## [Description of the task]
Write down the lines exactly as they appear, from the one that contains "昨日の営業後すぐにプールの水" through the final line of the records, so that both ends are kept and no pictures come along.

----

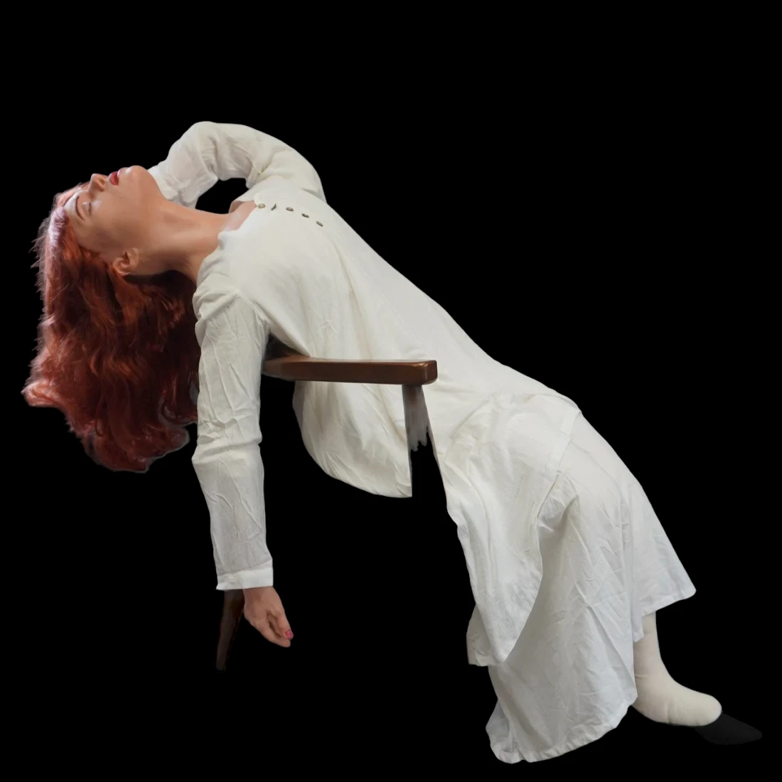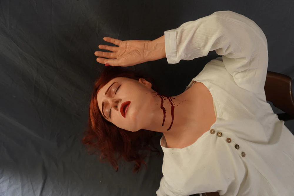 Poseable canvas body with lifecast female Phoebe head and wig. Vampire victim bite wounds on an outstretched neck.
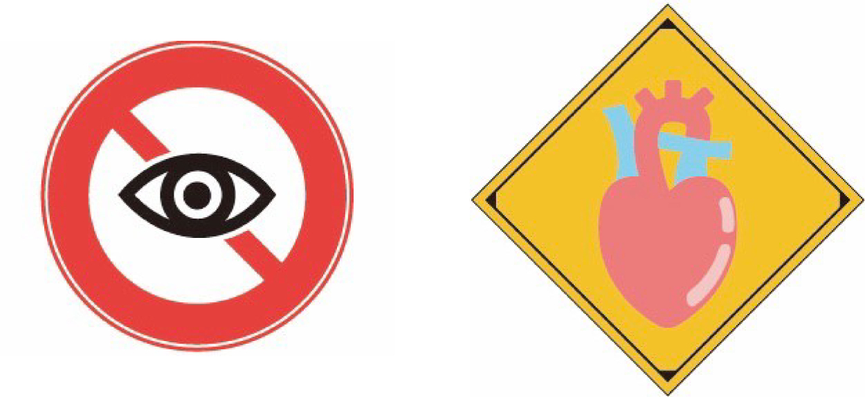 ▽ (左)見るの禁止 /(右)心臓飛び出し注意
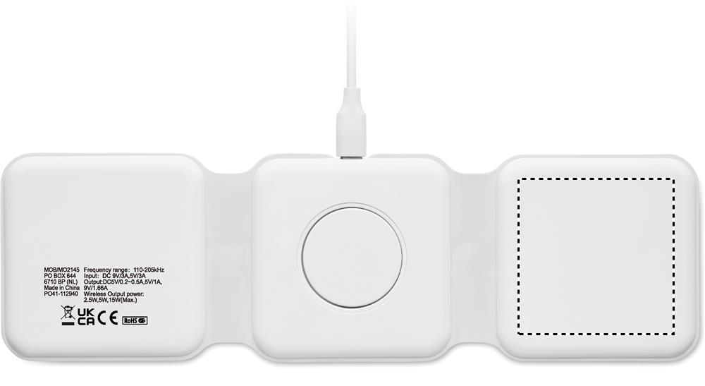 3 in 1 foldable charging station in ABS. It has 3 wireless charging spots (15W). Input: 2-in-1 Type-C and Type-A. Compatible with all QI enabled devices such as latest Androids, iPhone® 8, X and newer. Also compatible with iWatch.
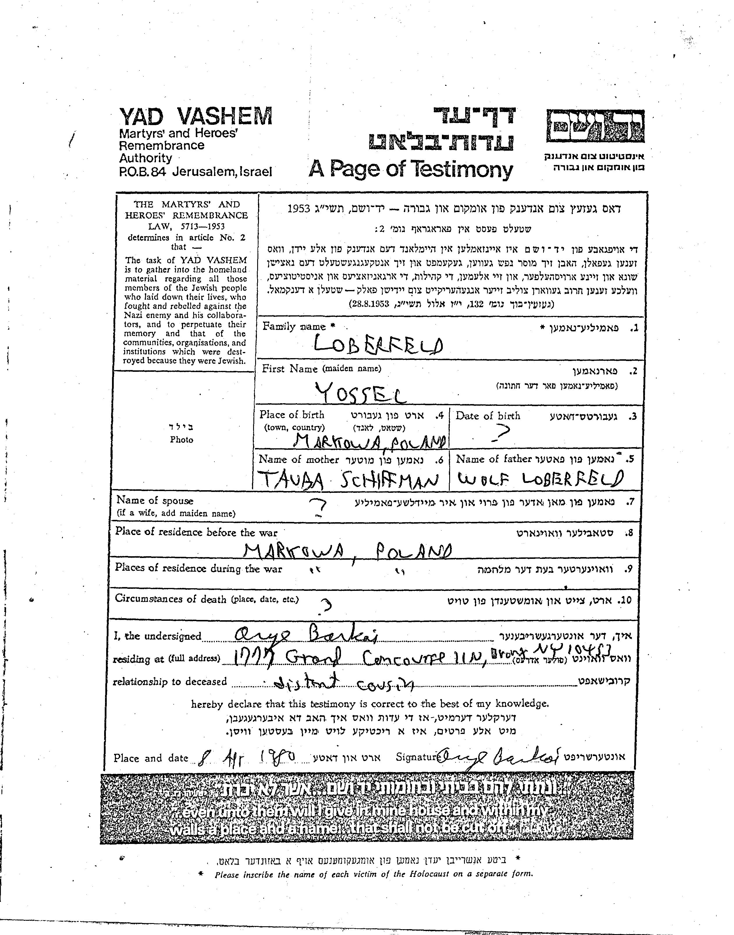 Yossel Loberfeld was born in Markowa, Poland to Wolf and Tauba. Prior to WWII he lived in Markowa, Poland. During the war he was in Markowa, Poland. Yossel was murdered in the Shoah.
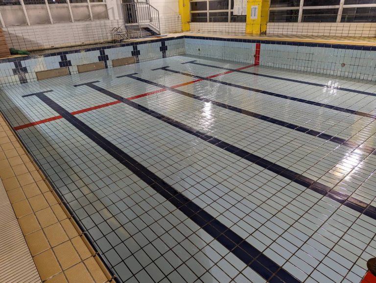 昨日の営業後すぐにプールの水を抜いて今もたくさんの工事業者さんが来てくださっています
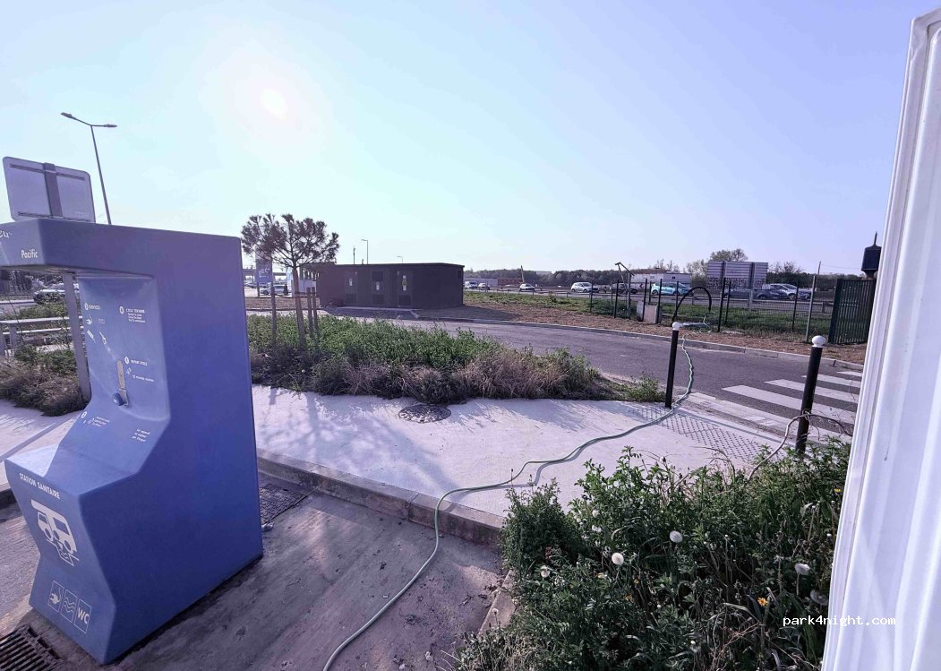 Hemos cargado agua, aunque estaba todo un poco dejado, la verdad. Aún así, es lo más cercano para cargar y descargar antes de entrar en Disneyland Paris. No hay muchas más opciones.
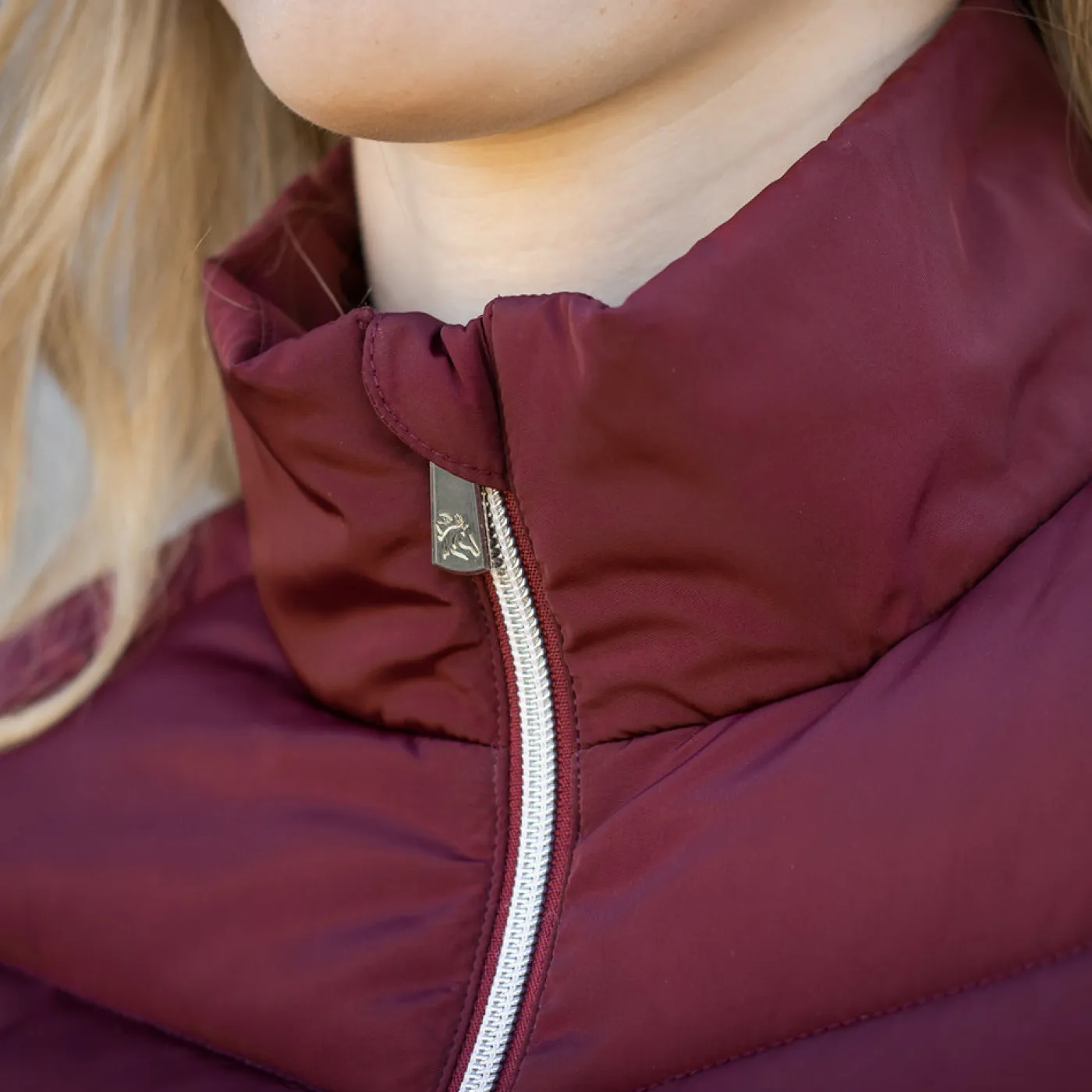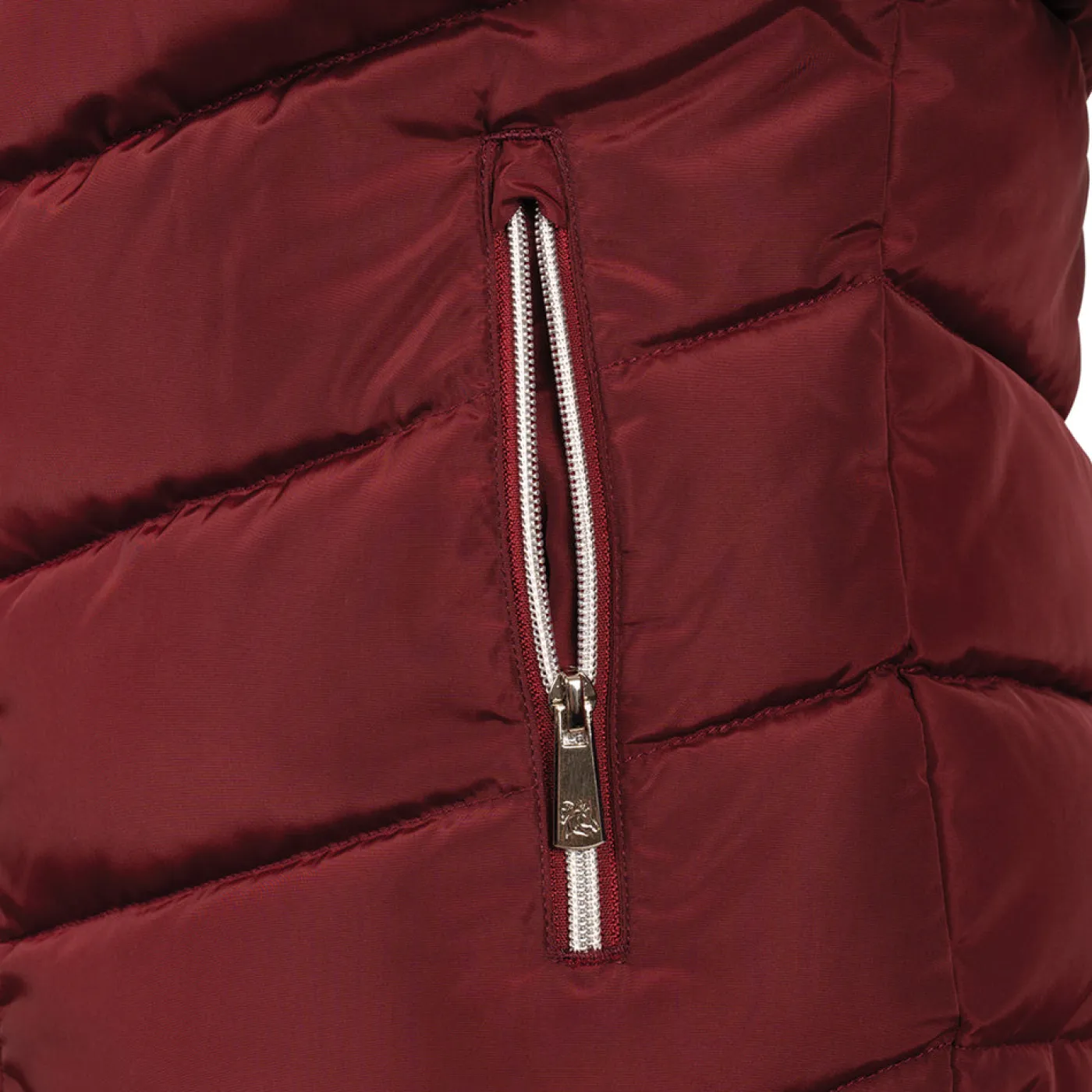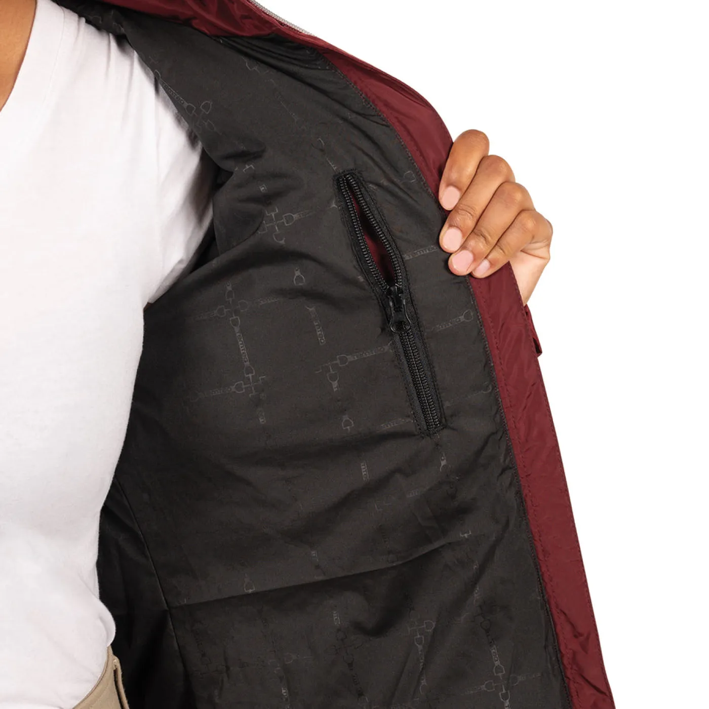 The TemTeq Equestrian Capilano Jacket offers a great top layer during cold weather riding. Features a stand collar with a 2-way zippered front and two front zippered pockets. Offers stretch comfort storm cuffs to help keep the wind out. Lined with a cabernet TemTeq logo lining, and an attractive V-shaped outer quilted design.

----

## [Task solution]
 昨日の営業後すぐにプールの水を抜いて今もたくさんの工事業者さんが来てくださっています
 Hemos cargado agua, aunque estaba todo un poco dejado, la verdad. Aún así, es lo más cercano para cargar y descargar antes de entrar en Disneyland Paris. No hay muchas más opciones.
 The TemTeq Equestrian Capilano Jacket offers a great top layer during cold weather riding. Features a stand collar with a 2-way zippered front and two front zippered pockets. Offers stretch comfort storm cuffs to help keep the wind out. Lined with a cabernet TemTeq logo lining, and an attractive V-shaped outer quilted design.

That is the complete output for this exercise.